*** Supplied information Section Begins ***

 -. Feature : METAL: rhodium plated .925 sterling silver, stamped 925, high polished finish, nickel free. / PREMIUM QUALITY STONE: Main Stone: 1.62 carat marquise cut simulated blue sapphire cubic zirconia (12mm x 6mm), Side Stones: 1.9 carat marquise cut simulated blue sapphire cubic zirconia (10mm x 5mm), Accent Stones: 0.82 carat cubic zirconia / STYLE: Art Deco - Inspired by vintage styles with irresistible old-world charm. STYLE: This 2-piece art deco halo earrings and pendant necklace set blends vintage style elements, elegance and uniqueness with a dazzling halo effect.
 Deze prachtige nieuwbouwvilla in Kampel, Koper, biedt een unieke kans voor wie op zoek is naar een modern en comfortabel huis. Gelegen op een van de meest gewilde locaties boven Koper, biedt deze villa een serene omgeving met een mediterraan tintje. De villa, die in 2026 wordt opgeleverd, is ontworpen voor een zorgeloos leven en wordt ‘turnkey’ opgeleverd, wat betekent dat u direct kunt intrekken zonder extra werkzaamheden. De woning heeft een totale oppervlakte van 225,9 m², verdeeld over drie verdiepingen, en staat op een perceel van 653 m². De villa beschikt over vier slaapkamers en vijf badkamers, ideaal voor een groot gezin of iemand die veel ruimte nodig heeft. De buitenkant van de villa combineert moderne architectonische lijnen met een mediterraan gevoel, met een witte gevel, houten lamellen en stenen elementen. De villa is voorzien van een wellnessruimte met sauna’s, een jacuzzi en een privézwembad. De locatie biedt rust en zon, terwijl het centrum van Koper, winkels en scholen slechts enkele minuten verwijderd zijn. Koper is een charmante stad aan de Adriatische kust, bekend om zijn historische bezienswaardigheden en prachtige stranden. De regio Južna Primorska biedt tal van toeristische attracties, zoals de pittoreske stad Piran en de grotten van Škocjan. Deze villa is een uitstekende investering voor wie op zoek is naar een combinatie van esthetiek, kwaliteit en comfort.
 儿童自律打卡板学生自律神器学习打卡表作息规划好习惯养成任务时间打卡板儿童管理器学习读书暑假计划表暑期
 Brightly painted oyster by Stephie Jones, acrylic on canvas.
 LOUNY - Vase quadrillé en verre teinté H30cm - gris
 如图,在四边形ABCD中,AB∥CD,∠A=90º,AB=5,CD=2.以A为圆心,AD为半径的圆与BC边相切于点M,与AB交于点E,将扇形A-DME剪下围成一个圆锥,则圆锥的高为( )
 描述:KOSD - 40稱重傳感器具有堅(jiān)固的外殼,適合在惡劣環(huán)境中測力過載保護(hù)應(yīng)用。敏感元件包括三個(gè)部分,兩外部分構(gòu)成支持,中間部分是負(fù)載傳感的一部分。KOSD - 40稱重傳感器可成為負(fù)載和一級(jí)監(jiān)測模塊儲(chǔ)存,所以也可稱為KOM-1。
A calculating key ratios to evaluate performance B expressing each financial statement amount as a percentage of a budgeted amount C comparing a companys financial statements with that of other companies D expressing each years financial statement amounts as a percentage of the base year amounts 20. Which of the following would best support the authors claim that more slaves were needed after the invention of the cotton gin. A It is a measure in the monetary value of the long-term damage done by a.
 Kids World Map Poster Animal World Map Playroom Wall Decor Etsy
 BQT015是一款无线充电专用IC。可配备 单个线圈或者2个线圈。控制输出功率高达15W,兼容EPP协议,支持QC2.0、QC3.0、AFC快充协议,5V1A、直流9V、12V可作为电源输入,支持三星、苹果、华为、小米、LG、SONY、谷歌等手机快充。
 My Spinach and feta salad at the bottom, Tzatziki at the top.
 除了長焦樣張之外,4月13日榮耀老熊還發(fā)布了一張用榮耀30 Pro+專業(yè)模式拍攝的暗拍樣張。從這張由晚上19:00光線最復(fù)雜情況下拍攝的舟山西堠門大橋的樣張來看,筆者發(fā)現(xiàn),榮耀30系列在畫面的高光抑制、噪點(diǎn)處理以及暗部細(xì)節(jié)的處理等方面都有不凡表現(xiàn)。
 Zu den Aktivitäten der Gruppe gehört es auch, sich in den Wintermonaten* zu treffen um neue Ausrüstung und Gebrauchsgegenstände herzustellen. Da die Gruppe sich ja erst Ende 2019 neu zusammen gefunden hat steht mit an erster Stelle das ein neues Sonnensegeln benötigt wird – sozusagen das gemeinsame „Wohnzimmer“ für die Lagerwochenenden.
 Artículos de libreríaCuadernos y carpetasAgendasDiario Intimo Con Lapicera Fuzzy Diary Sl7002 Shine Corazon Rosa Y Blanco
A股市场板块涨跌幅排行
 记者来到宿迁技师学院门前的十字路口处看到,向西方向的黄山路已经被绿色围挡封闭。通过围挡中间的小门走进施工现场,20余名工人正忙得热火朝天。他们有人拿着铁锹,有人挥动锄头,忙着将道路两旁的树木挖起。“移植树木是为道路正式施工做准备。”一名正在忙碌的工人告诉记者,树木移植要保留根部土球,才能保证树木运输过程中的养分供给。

*** Supplied information Section Ends ***

▶ _The task_: Report each line in the preceding entries that holds the string "with".

▶ _Answer below_:
 -. Feature : METAL: rhodium plated .925 sterling silver, stamped 925, high polished finish, nickel free. / PREMIUM QUALITY STONE: Main Stone: 1.62 carat marquise cut simulated blue sapphire cubic zirconia (12mm x 6mm), Side Stones: 1.9 carat marquise cut simulated blue sapphire cubic zirconia (10mm x 5mm), Accent Stones: 0.82 carat cubic zirconia / STYLE: Art Deco - Inspired by vintage styles with irresistible old-world charm. STYLE: This 2-piece art deco halo earrings and pendant necklace set blends vintage style elements, elegance and uniqueness with a dazzling halo effect.
A calculating key ratios to evaluate performance B expressing each financial statement amount as a percentage of a budgeted amount C comparing a companys financial statements with that of other companies D expressing each years financial statement amounts as a percentage of the base year amounts 20. Which of the following would best support the authors claim that more slaves were needed after the invention of the cotton gin. A It is a measure in the monetary value of the long-term damage done by a.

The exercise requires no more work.